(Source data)
========

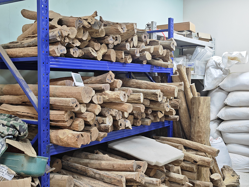 Foto yang diabadikan pada 17 Juli 2024 ini, menunjukkan tumpukan kayu cendana di Kebun Raya Nasional China Selatan (South China National Botanical Garden) di Guangzhou. (F. Xinhua/Lu Hao)
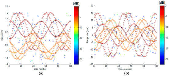 - Move to the next time index and let . According to the minimum Euclidean distance criterion [23], the optimal candidate of the scattering center track for the m-th range can be obtained by:where is the feature set of the candidate scattering centers within the gating area and are the features of the predictions from the previous observables. can be expressed as:where , and are weight factors and . According to Equations (23) and (26), Equation (25) can be rewritten as:Finally, by using Equation (30), the scattering centres association is accomplished.
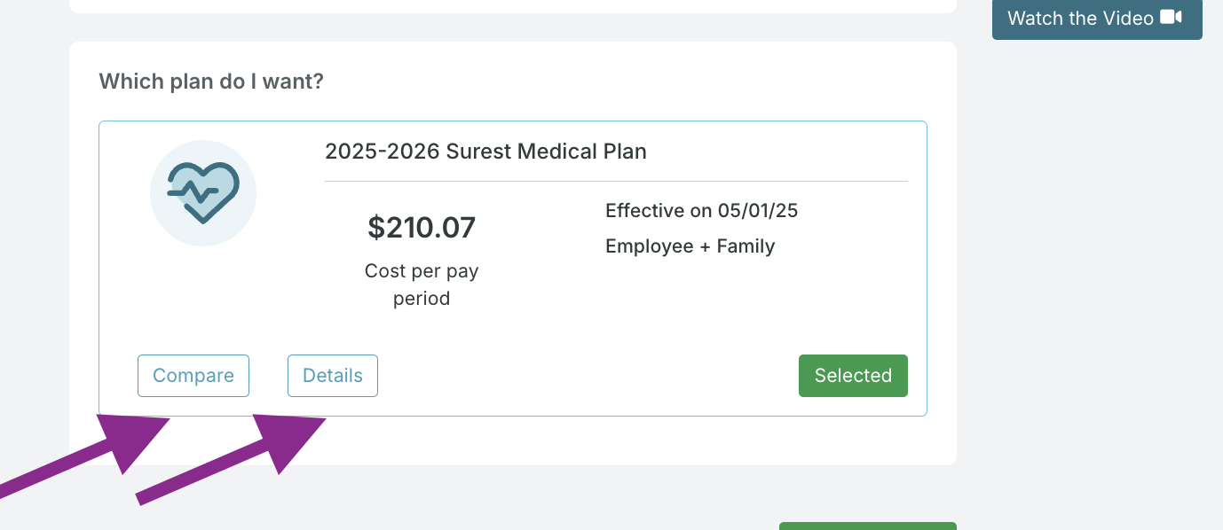- Compare and Details—Click the Compare button to see a side-by-side comparison of the current insurance plan and the plan available during open enrollment. This is a great way to understand if your costs or coverage are changing.
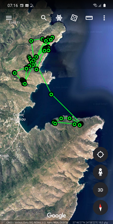 Φωτογραφία με την διαδρομή του 2019 του σπιζαετού από το Φραγκάκι, που αφού διέτρεξε όλη την Ελλάδα, έφτασε Αλβανία, απέφυγε όλα τα αιολικά στη διαδρομή του και τελικά σκοτώθηκε από ηλεκτροπληξία σε κολώνα μέσης τάσης της ΔΕΗ. Ακόμα ένας, σκοτώθηκε σε άλλη κολώνα της ΔΕΗ κάπου στη δυτική Ελλάδα.
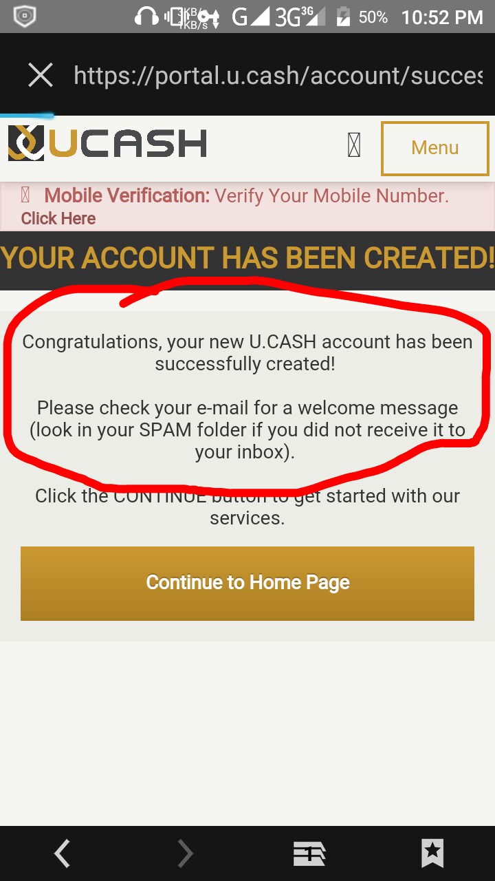 Congratulations, you new U.CASH Account hass been Successfully Created.
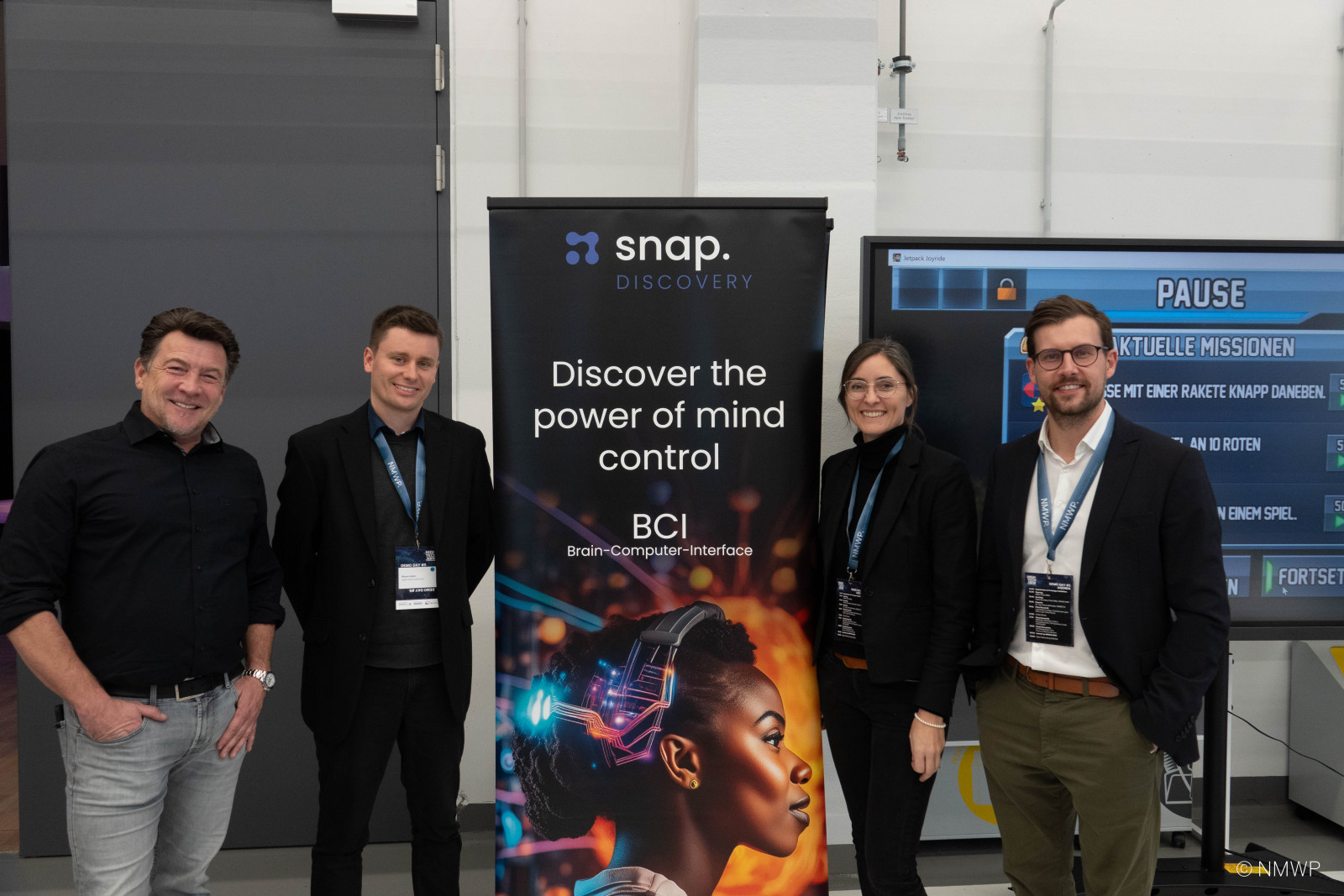 snap Discovery aus Bochum arbeitet an einem Brain-Computer-Interface, das die Gaming-Industrie revolutionieren und in Zukunft weitere Bereiche des täglichen Lebens vereinfachen wird. Ich bin Zeuge, wie eine Probandin mit einer verkabelten Haube – nur über ihre Gedanken – Spielfiguren steuert und Aktionen durchführt. Unfassbar, es funktioniert! Dr.-Ing. Corinna Weber fasst für mich zusammen: „Dieses innovative System verbindet fortschrittliche Neurotechnologie mit künstlicher Intelligenz, um eine direkte Schnittstelle zwischen dem Menschen und der Maschine zu schaffen.“ Keine Science-Fiction, sondern hier und jetzt Realität. Dabei betont sie, dass die Nutzbarkeit der künstlichen Intelligenz die Entwicklung beschleunigen wird.

========

● **WHAT IS REQUIRED**: Copy the records shown above in their entirety and exactly; images are to be left out.

● **YOUR RESPONSE**:
 Foto yang diabadikan pada 17 Juli 2024 ini, menunjukkan tumpukan kayu cendana di Kebun Raya Nasional China Selatan (South China National Botanical Garden) di Guangzhou. (F. Xinhua/Lu Hao)
 - Move to the next time index and let . According to the minimum Euclidean distance criterion [23], the optimal candidate of the scattering center track for the m-th range can be obtained by:where is the feature set of the candidate scattering centers within the gating area and are the features of the predictions from the previous observables. can be expressed as:where , and are weight factors and . According to Equations (23) and (26), Equation (25) can be rewritten as:Finally, by using Equation (30), the scattering centres association is accomplished.
- Compare and Details—Click the Compare button to see a side-by-side comparison of the current insurance plan and the plan available during open enrollment. This is a great way to understand if your costs or coverage are changing.
 Φωτογραφία με την διαδρομή του 2019 του σπιζαετού από το Φραγκάκι, που αφού διέτρεξε όλη την Ελλάδα, έφτασε Αλβανία, απέφυγε όλα τα αιολικά στη διαδρομή του και τελικά σκοτώθηκε από ηλεκτροπληξία σε κολώνα μέσης τάσης της ΔΕΗ. Ακόμα ένας, σκοτώθηκε σε άλλη κολώνα της ΔΕΗ κάπου στη δυτική Ελλάδα.
 Congratulations, you new U.CASH Account hass been Successfully Created.
 snap Discovery aus Bochum arbeitet an einem Brain-Computer-Interface, das die Gaming-Industrie revolutionieren und in Zukunft weitere Bereiche des täglichen Lebens vereinfachen wird. Ich bin Zeuge, wie eine Probandin mit einer verkabelten Haube – nur über ihre Gedanken – Spielfiguren steuert und Aktionen durchführt. Unfassbar, es funktioniert! Dr.-Ing. Corinna Weber fasst für mich zusammen: „Dieses innovative System verbindet fortschrittliche Neurotechnologie mit künstlicher Intelligenz, um eine direkte Schnittstelle zwischen dem Menschen und der Maschine zu schaffen.“ Keine Science-Fiction, sondern hier und jetzt Realität. Dabei betont sie, dass die Nutzbarkeit der künstlichen Intelligenz die Entwicklung beschleunigen wird.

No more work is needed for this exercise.